> [DIRECTIONS]: Could you retype the lines below, starting at the line holding "Art & Craft Shows" and stopping at the line holding "Meets federal OSHA", inclusive? Copy them exactly and drop the images.

> [DATA RECORDS]:
- - - - - - -

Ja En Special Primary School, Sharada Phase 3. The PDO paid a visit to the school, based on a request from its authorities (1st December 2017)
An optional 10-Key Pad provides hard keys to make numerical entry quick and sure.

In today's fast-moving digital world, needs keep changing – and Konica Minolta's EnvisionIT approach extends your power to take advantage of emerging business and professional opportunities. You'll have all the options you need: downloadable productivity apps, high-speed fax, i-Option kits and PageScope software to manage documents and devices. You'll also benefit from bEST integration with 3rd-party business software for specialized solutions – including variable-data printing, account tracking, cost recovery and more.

- - - - - - -

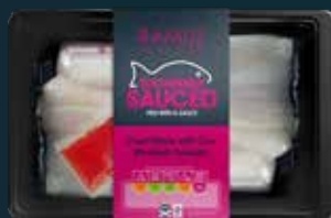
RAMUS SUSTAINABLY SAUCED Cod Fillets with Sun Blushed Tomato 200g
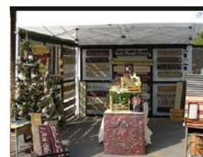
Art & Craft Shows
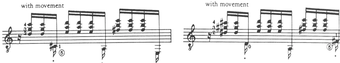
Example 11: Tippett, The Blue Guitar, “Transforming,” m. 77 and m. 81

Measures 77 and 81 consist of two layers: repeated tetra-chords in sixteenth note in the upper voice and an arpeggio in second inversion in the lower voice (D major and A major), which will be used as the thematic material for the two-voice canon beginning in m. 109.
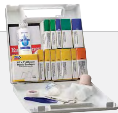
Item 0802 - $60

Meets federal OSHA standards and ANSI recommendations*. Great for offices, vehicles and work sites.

- - - - - - -

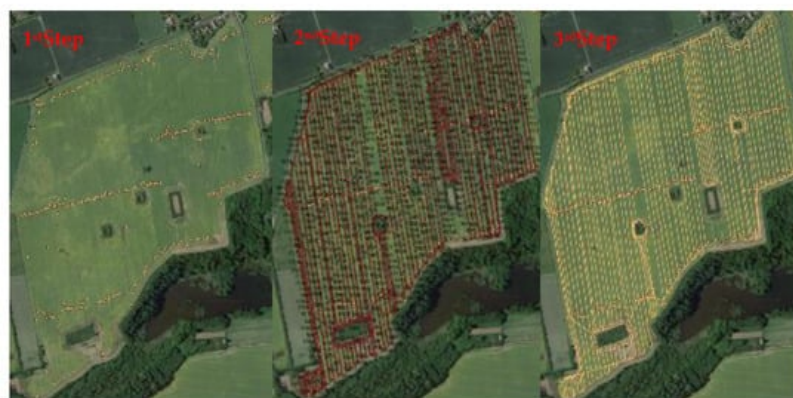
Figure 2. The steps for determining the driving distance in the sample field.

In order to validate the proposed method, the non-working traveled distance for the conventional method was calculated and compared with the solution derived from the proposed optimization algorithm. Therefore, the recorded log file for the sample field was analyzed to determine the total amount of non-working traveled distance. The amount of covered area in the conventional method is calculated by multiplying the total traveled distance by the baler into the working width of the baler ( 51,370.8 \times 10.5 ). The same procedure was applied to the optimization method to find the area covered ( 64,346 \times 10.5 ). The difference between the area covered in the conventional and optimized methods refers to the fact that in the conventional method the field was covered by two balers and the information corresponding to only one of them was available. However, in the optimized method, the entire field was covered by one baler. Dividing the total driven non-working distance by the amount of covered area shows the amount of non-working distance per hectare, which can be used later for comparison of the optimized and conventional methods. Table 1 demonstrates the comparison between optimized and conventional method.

- - - - - - -

> [EXERCISE OUTPUT]:
Art & Craft Shows
Example 11: Tippett, The Blue Guitar, “Transforming,” m. 77 and m. 81

Measures 77 and 81 consist of two layers: repeated tetra-chords in sixteenth note in the upper voice and an arpeggio in second inversion in the lower voice (D major and A major), which will be used as the thematic material for the two-voice canon beginning in m. 109.
Item 0802 - $60

Meets federal OSHA standards and ANSI recommendations*. Great for offices, vehicles and work sites.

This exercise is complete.